If you click the link below to the Nordic Ware UK Facebook page you will see other recipes they've shared as well.
 
Peach Bundt Cake
(6 cup tin)
Recipe from Nordic Ware UK
 
Ingredients

300g plain flour
150g caster sugar
80ml flavourless oil (such as rapeseed, sunflower, corn)
130ml yoghurt (I used Alpro plain yogurt to make it dairy free, but you could use plain or Greek yoghurt)
2 teaspoons baking powder
2 eggs
400g tinned sliced peaches in syrup

Syrup

Syrup from the tin of peaches
1 tablespoon caster sugar

  1. Preheat the oven to 180°C.
  2. Prepare your Bundt® tin  - either use cake release spray, melted butter, or butter and flour, then put to one side.
  3. Take the peaches and drain well but reserve the liquid. 
  4. Place all the ingredients except the peaches but including 3 tablespoons of the syrup in a bowl and mix together.
  5. Pour ½ the cake batter into the mould and then place the peach slices on top of the batter all around the Bundt® pan.
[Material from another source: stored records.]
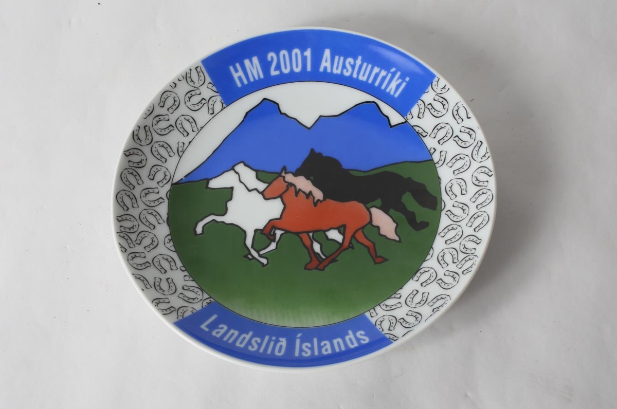 Hvítur postulínsplatti gerður í tilefni HM 2001 í Austurríki. Efst á plattanum er blár flötur með hvítum stöfum "HM 2001 Austurríki". Myndin er af bláum fjöllum og grænu túni fyrir neðan þar sem þrír hestar (hvítur, brúnn og svartur) eru að hlaupa. Á neðri hlutanum er blár flötur með hvítum stöfum sem á stendur "Landslið Íslands". Til hliðar er hvítur grunnur með svörtum skeifum. Aftan á plattanum stendur "Hönnun: Helga Jóhannesdóttir leirlistakona Álafossi í Mosfellsbæ - Leir og Postulín - sími 552-1194".
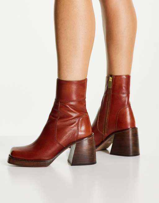 ASOS DESIGN Rhodes premium leather platform ankle boots in tan ASOS Very well made.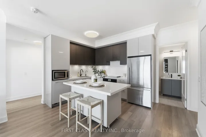 +"PublicRemarks": "Experience refined living in this exceptional 1,139 sq. ft. 2-bedroom + den residence at Riverview Condos - bright, spacious, and exceptionally well laid out. Enjoy floor-to-ceiling windows, soaring 9' ceilings, and a generous 334 sq. ft. west-facing wraparound balcony plus two parking spaces - a rare and valuable inclusion in this building. The modern chef's kitchen boasts a quartz island, premium Jenn Air and Fisher & Paykel appliances, and sleek two-tone cabinetry. Highlights include the sought-after two ensuite layout - both primary bedrooms feature their own private 3-piece bathrooms for superior privacy and convenience. The fully enclosed den, complete with French doors and a closet, functions perfectly as a true third bedroom or a dedicated quiet home office. Thoughtful upgrades include crown moulding, designer roller shades, and upscale fixtures throughout. Low condo fees cover heat, AC, and Rogers internet. Enjoy top-tier amenities: 24/7 concierge, smart parcel system, fitness centre, business lounge, rooftop BBQ terrace, and more. Located in the highly ranked Unionville High School catchment, steps to Whole Foods, LCBO, Downtown Markham, the GO Station, and major highways."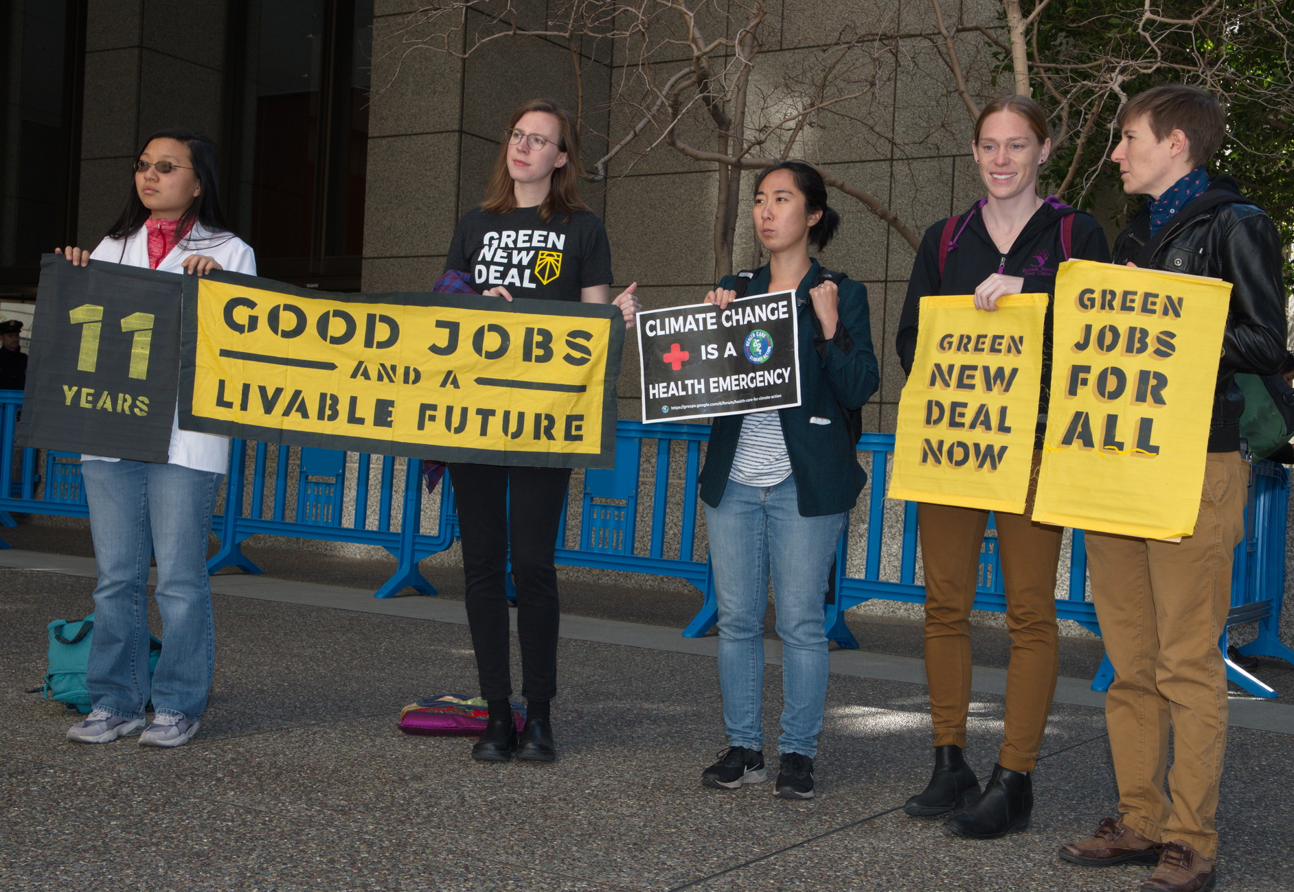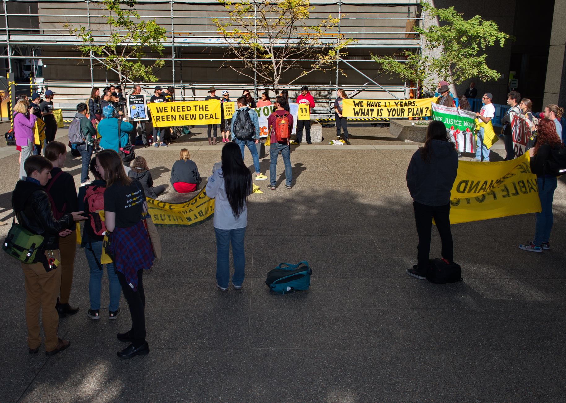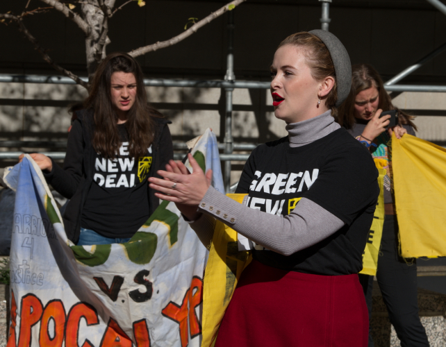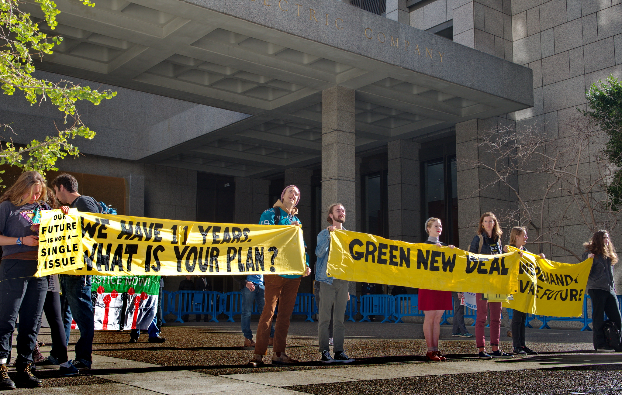 They demanded a Green New Deal and the end of PG&E's way of doing business. Speakers told their stories of evacuations and blackouts. Demonstrators held posters promoting green new jobs and warning that times was running out.

Top with the rest of the cake batter.
  6. Place the cake in the oven on the middle shelf and cook for 35 - 45 minutes or until golden brown and a tester comes out clean.
  7. Take the remaining peach syrup and add the tablespoon of caster sugar. Bring to the boil, reduce by half, then pour over the top of the cake while it’s still warm.